My lemans does the 1 wheel peel. I have an 83 chevy truck with a factory posi/LS rear. If both are 10 or 12 bolt, can i swap the carrier out in each on as long as the bolt count is the same and axle splines are the same? This would gain me a lower gear ratio and posi rear for just some labor.


----------



## ALKYGTO (Mar 29, 2010)

Ummm....No.


----------



## Rukee (Feb 8, 2007)

The only way I could see it working is if you took the whole rear axle assmbly from the truck, cut off the leaf spring pads, weld on aftermarket 4 link brackets, then attach to the new rear 4 link suspention you'll need to weld onto the car.

In other words......


ALKYGTO said:


> Ummm....No.


----------



## jetstang (Nov 5, 2008)

GTO is an 8.2 rear 10 bolt, 83 truck 10 bolt is 8.5 inch, so no. But, if you get a later model monte carlo rear, it may fit in the GTO.


----------



## 06SixOhGoat (Jun 19, 2010)

if you want a rear that will last. yes i know guys. put custom a ford 9" in there. youll never touch the rear again.


----------



## 05GTO (Oct 6, 2004)

Here are more options from Randy's Ring and Pinion


----------



## OrbitOrange (Jul 5, 2010)

Thanks thats what I needed to know. I didn't know there were so many differant rear end options.


----------



## likethat (Oct 5, 2007)

06SixOhGoat said:


> if you want a rear that will last. yes i know guys. put custom a ford 9" in there. youll never touch the rear again.

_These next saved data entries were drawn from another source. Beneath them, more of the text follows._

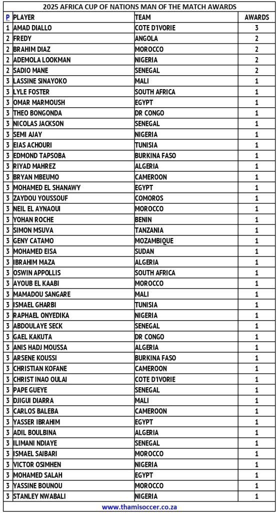 Africa Cup Of Nations Man Of The Match Awards 17 January 2026 Posted on 2026-01-172026-01-18 By Thami Mshengu No Comments on Africa Cup Of Nations Man Of The Match Awards 17 January 2026 (Visited 14 times, 2 visits today)Share this:TwitterWhatsAppPrintTumblrLinkedInFacebookTelegramRedditPocket Related Africa Cup of Nations Tags:Amad Diallo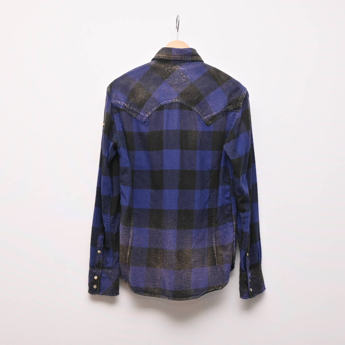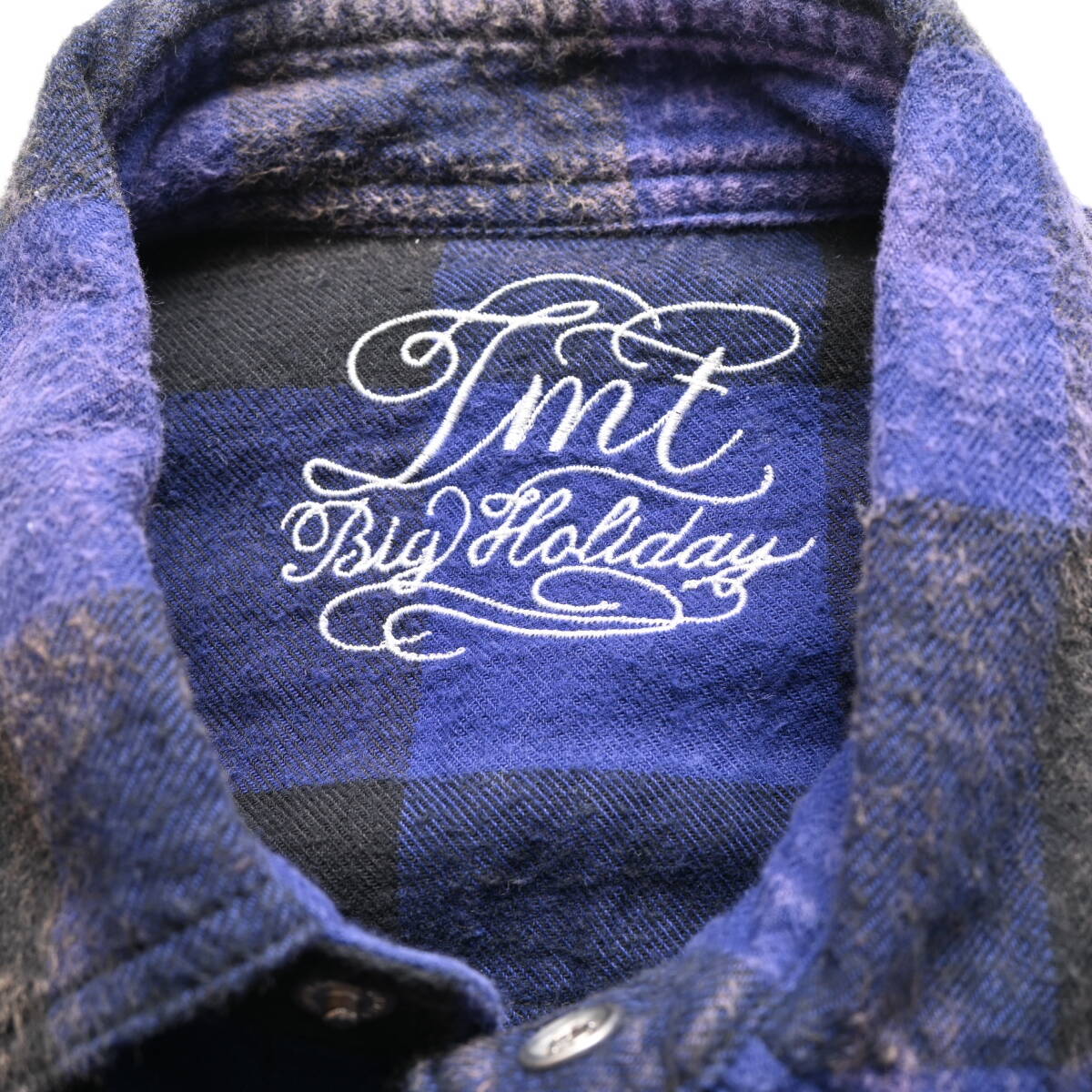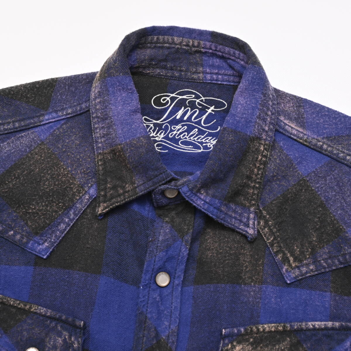 TMT 加工 バッファローチェック シャツ S ブルー 青 長袖 ロゴ 刺繍 ネルシャツ ティーエムティー DA5325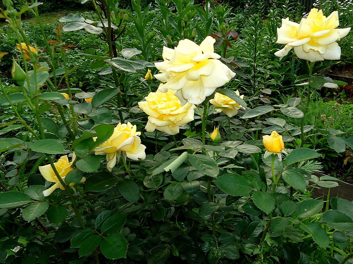 Жёлтые розы не особенно люблю, но пересортом ко мне некоторые-таки попали. «Беролина» (Berolina) — очень достойная роза, классическая чайно-гибридная. Классический бутон, восковые лепестки, не боящиеся ни дождя, ни солнца, цветки в красивом не выгорающем состоянии держатся долго и чисто облетают. Тёмная здоровая глянцевая листва. Один цветок на толстом стебле, но стеблей отращивает много и цветы распускаются всё лето. В Хабаровском крае она жила на теплотрассе. Длинноногая, до 1,8 м, но хорошо облиственная. В Подмосковье вполне устойчива. Спасибо тому, кто что-то перепутал в моём заказе.

I smoked a '79 N case 9" 33 spline. Broke out he pinion nose bearing housing. The 9" is not bad just make sure it has a strange center if your dragging with a good amount of HP. A 12 bolt is just as good if not better and the big body 10bolts from the 60's are tough as nails.


----------



## ALKYGTO (Mar 29, 2010)

IMO if you are starting from scratch and not rebuilding your existing rear and looking to buy upgrade the three best options are the Chevy 12 bolt, Ford nine inch or the Strange S-60. 

The Ford allows easy gear swaps if you race or don't have an overdrive so you can do drag strip or road trips. They are strong and have a lot of options for brakes, gear ratios etc. but they made a lot of different cases and if your buying one from someone you'll want to make sure it has the nodular case.

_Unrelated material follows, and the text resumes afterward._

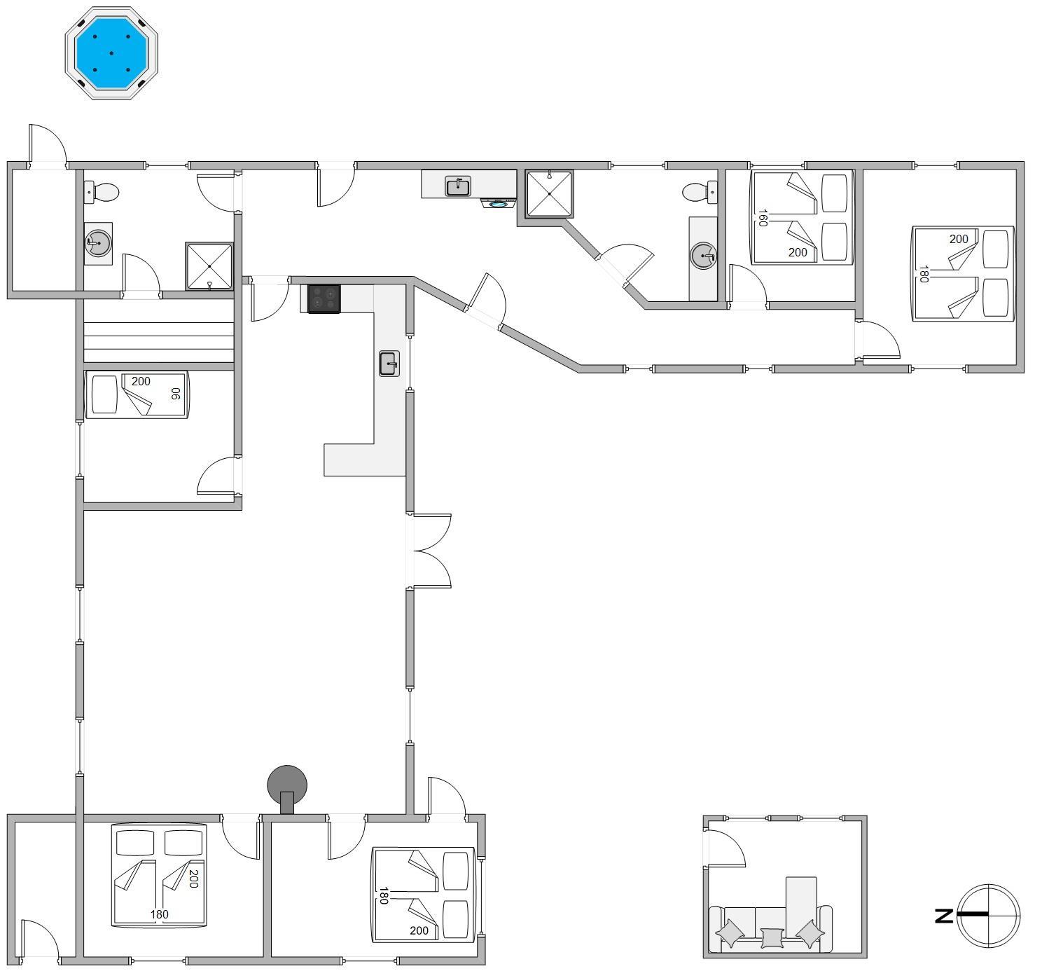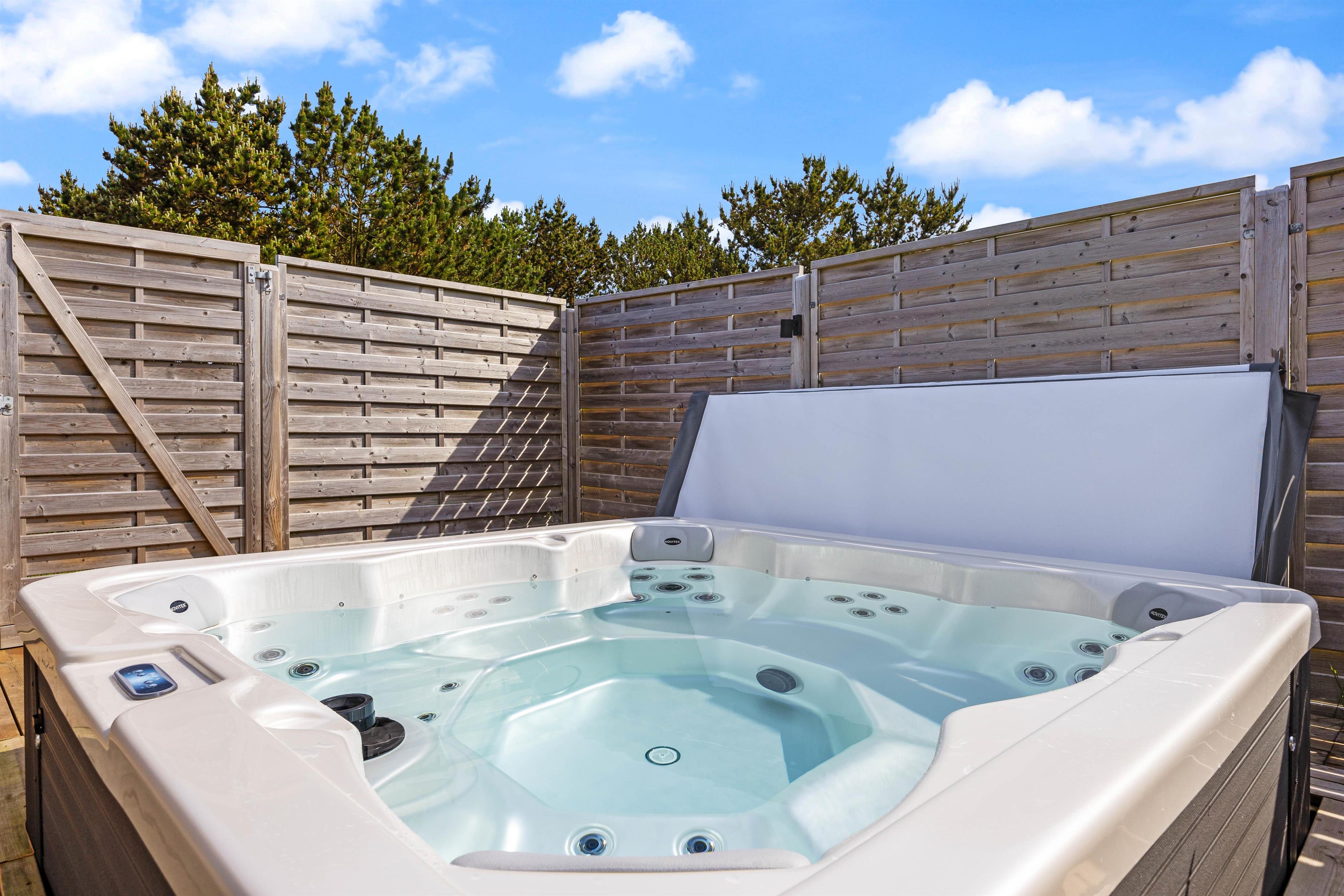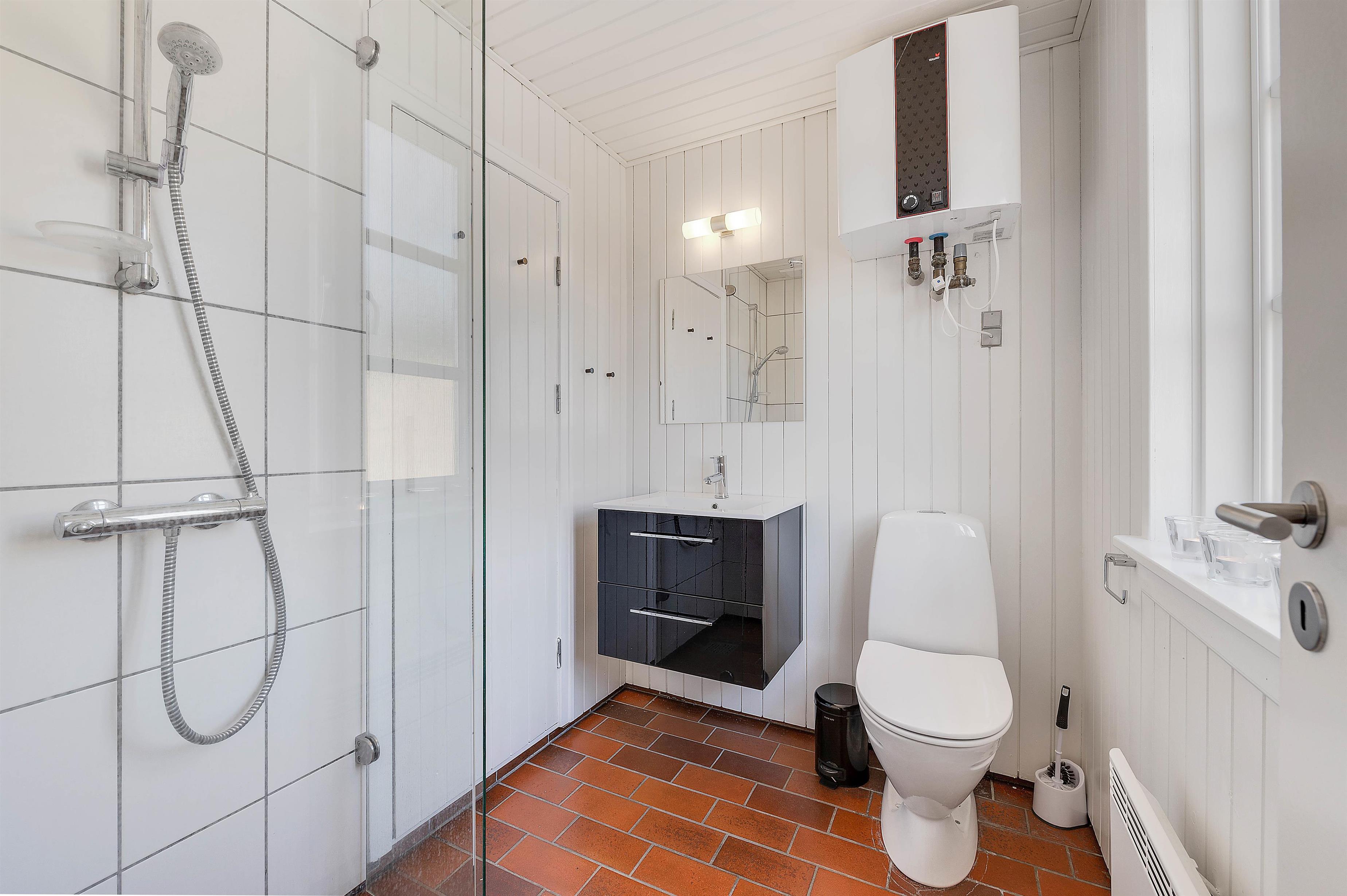 Der er 2 badeværelser i sommerhuset – begge med bruseniche og gulvvarme. Fra et af badeværelserne har I adgang til en fin sauna, hvor I rigtig kan slappe af efter en god feriedag i naturen. Udendørs finder I en udespa, hvorfra I kan nyde solnedgangen og den smukke stjernehimmel.

The Strange S-60 is based pm the Dana 60 rear axle used primarily in 3/4 and 1 ton trucks and the high horsepower stick shift Mopars of the sixties. While it does'nt allow you to easily swap gear ratios in stock form it easily makes any other passenger car rear look like a toy. It boasts a 9 3/4 inch ring gear and 33 spline axles stock. 

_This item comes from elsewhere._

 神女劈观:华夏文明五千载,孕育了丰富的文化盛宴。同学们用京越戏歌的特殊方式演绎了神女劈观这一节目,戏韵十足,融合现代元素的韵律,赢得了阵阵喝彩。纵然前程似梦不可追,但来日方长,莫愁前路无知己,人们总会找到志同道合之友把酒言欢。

I run a 12 bolt with all Strange internals, they make high quality products (as do many others, do your homework) and I have not experienced any problems (yet) and I have a very heavy stick shift car with a lot of power and sticky tires. The twelve bolt Chevy is a good rear if you upgrade the axles and bearings, that is the weakpoint because the axle acts as the inner race of the bearing( the others have hardened bearing races pressed onto the axle)and the axle is retained by a c-clip, not by the outer bearing race.


Your existing 10 bolt can be upgraded also, it really amounts to how much power you ultimately think youll be putting down and how you drive the car. A weekend cruiser can get by with the rebuild and a bolt in posi unit. You might consider an Airlocker system if they are available for your axle. They can turn your open rear into a locked spool at the flick of a switch and they bolt into your stock carrier. I would also recommend eliminating the c-clip axles if you race at all. :cheers


----------



## likethat (Oct 5, 2007)

Did the Pontiac 8.2 10 bolt axle go from bolt in to c clips after '68?


----------



## ALKYGTO (Mar 29, 2010)

I'm pretty sure you're right, that it still has bolt in axles.


----------